:: What needs to be done ::
Copy out all the lines of the data precisely, omitting any pictures.
┌─ Records to use
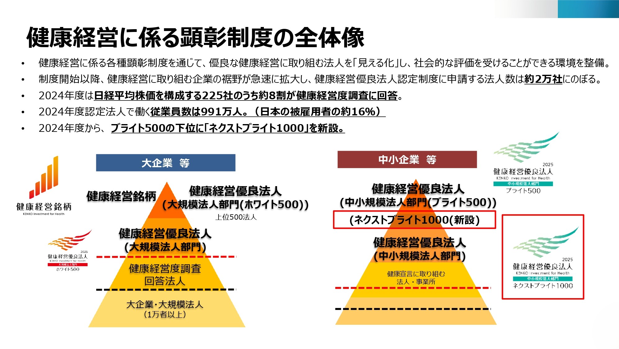 国は、健康経営を促進する一環として、2016年度から健康経営優良法人認定制度を実施しています。
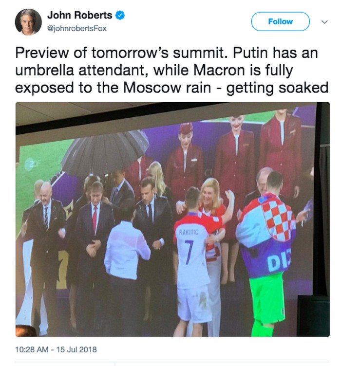 Vladimir Putin memakai payung sendirian saat penyerahan trofi Piala Dunia, sedangkan presiden Prancis dan Kroasia dibiarkan kehujanan. Netizen pun bergunjing.
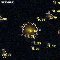 Black segments are analyzed here. Roll mouse over color images to view segments. Best viewed in a wide browser window (1200 pixels or more). Download SED & P(z) plots to view larger versions.
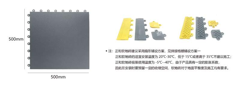軟質絕緣地板能夠將每個獨立的地板快速拼裝成整體地面,專利型鎖扣結構連接能力更強,可承受叉車的來回碾壓。施工過程中無需膠黏劑等材質,具有施工簡單快速、色彩絢麗、美觀大方、可移動性強、可重復使用等特點。
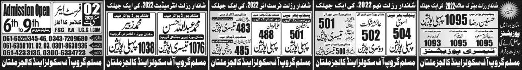 Muslim Group Of Schools & Colleges admissions 2023 for 6th Class, 7th Class, 8th Class, 9th Class, FSc, FA, ICS, ICom has been announced. Students who want to take admissions in Muslim Group Of Schools & Colleges Multan Punjab Pakistan for academic year 2023 to continue education in Science College can apply. Eligible candidates for admissions in Intermediate, ICS, I.com and Middle can apply as per Private institute criteria and before closing date 15 May 2023 after reading advertisement online. Read newspaper ad for exact details.
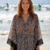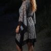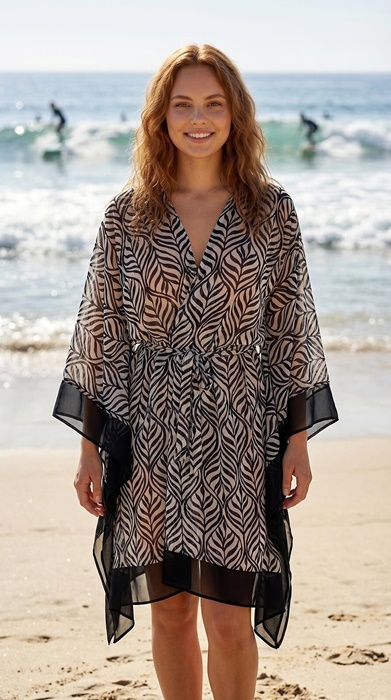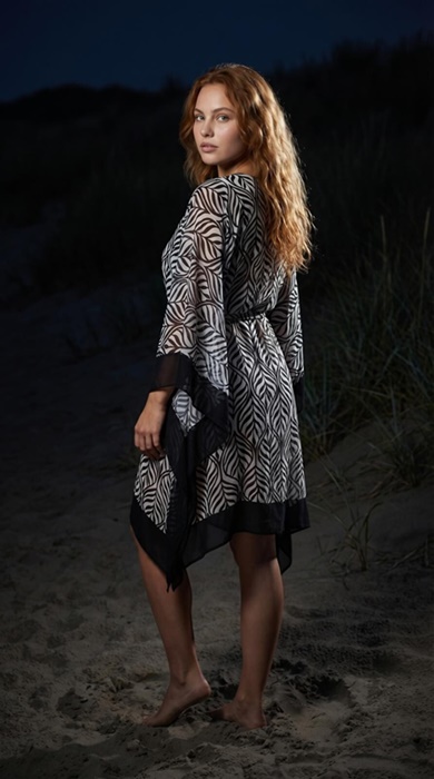 Pareo tunika plażowa narzutka Irall ecru czarny wzór 42:
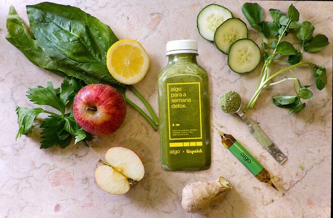 O programa detox contém espinafres, gengibre, maçã, limão, erva de trigo, aipo, pepino e agrião. a ele é adicionado uma ampola de algo® para a semana detox que contém chicória, alcachofra e colina, que ajuda na manutenção de
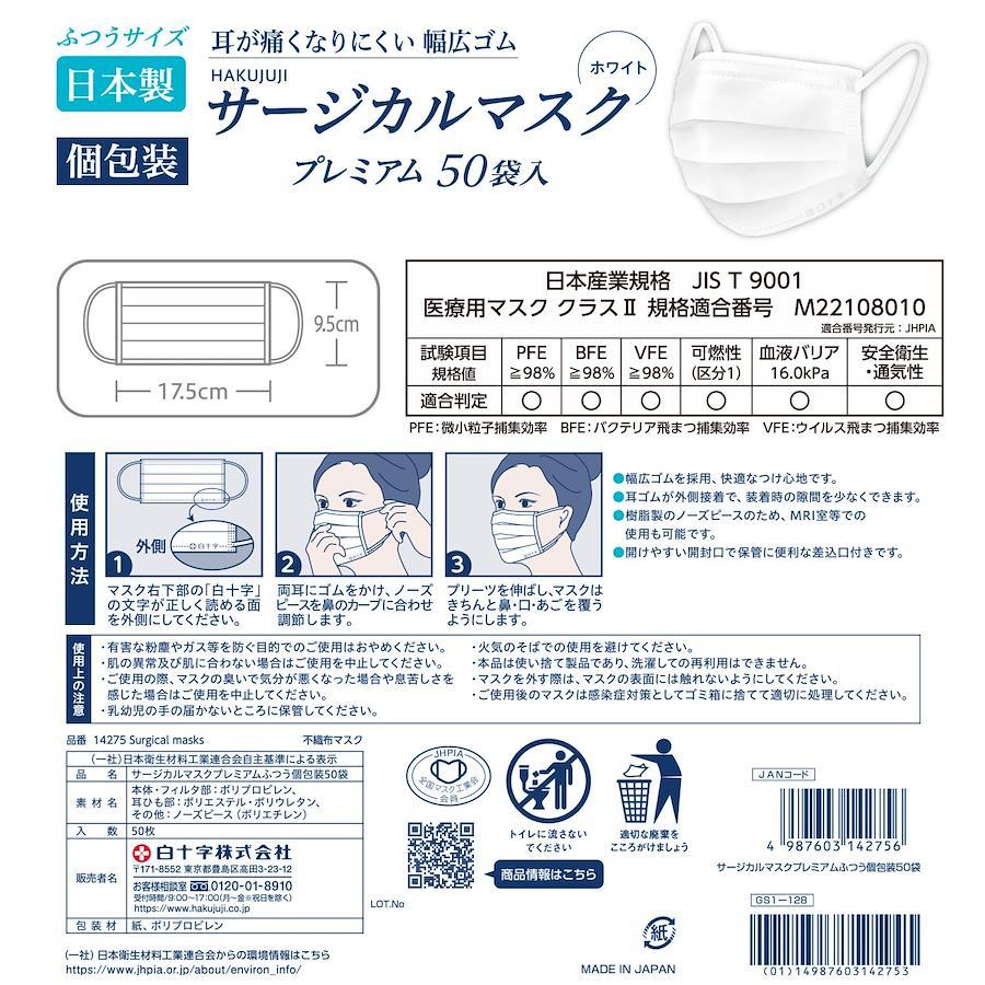 3.プリーツを伸ばし、マスクはきちんと鼻・口・あごを覆うようにします。 日本製の不織布マスクです。 【個包装パッケージ】に装着向きが表記されており、付け間違いもなく、持ち運びに便利です。 【肌ストレスを軽減】耳ゴムがマスクの外側に付いており、着用時の隙間が少なく、肌あたりが良いです。 フィットしやすい樹脂製(非金属)ノーズピース。 開けやすい開封口で保管に便利な差込口付き。 色:白 【日本産業規格(JIS T 9001)適合審査合格品】医療用マスク クラス II 規格適合番号:M22108010 内容量:1枚×50袋入【個包装】
└─
:: Exercise response ::
 国は、健康経営を促進する一環として、2016年度から健康経営優良法人認定制度を実施しています。
 Vladimir Putin memakai payung sendirian saat penyerahan trofi Piala Dunia, sedangkan presiden Prancis dan Kroasia dibiarkan kehujanan. Netizen pun bergunjing.
 Black segments are analyzed here. Roll mouse over color images to view segments. Best viewed in a wide browser window (1200 pixels or more). Download SED & P(z) plots to view larger versions.
軟質絕緣地板能夠將每個獨立的地板快速拼裝成整體地面,專利型鎖扣結構連接能力更強,可承受叉車的來回碾壓。施工過程中無需膠黏劑等材質,具有施工簡單快速、色彩絢麗、美觀大方、可移動性強、可重復使用等特點。
 Muslim Group Of Schools & Colleges admissions 2023 for 6th Class, 7th Class, 8th Class, 9th Class, FSc, FA, ICS, ICom has been announced. Students who want to take admissions in Muslim Group Of Schools & Colleges Multan Punjab Pakistan for academic year 2023 to continue education in Science College can apply. Eligible candidates for admissions in Intermediate, ICS, I.com and Middle can apply as per Private institute criteria and before closing date 15 May 2023 after reading advertisement online. Read newspaper ad for exact details.
 Pareo tunika plażowa narzutka Irall ecru czarny wzór 42:
 O programa detox contém espinafres, gengibre, maçã, limão, erva de trigo, aipo, pepino e agrião. a ele é adicionado uma ampola de algo® para a semana detox que contém chicória, alcachofra e colina, que ajuda na manutenção de
 3.プリーツを伸ばし、マスクはきちんと鼻・口・あごを覆うようにします。 日本製の不織布マスクです。 【個包装パッケージ】に装着向きが表記されており、付け間違いもなく、持ち運びに便利です。 【肌ストレスを軽減】耳ゴムがマスクの外側に付いており、着用時の隙間が少なく、肌あたりが良いです。 フィットしやすい樹脂製(非金属)ノーズピース。 開けやすい開封口で保管に便利な差込口付き。 色:白 【日本産業規格(JIS T 9001)適合審査合格品】医療用マスク クラス II 規格適合番号:M22108010 内容量:1枚×50袋入【個包装】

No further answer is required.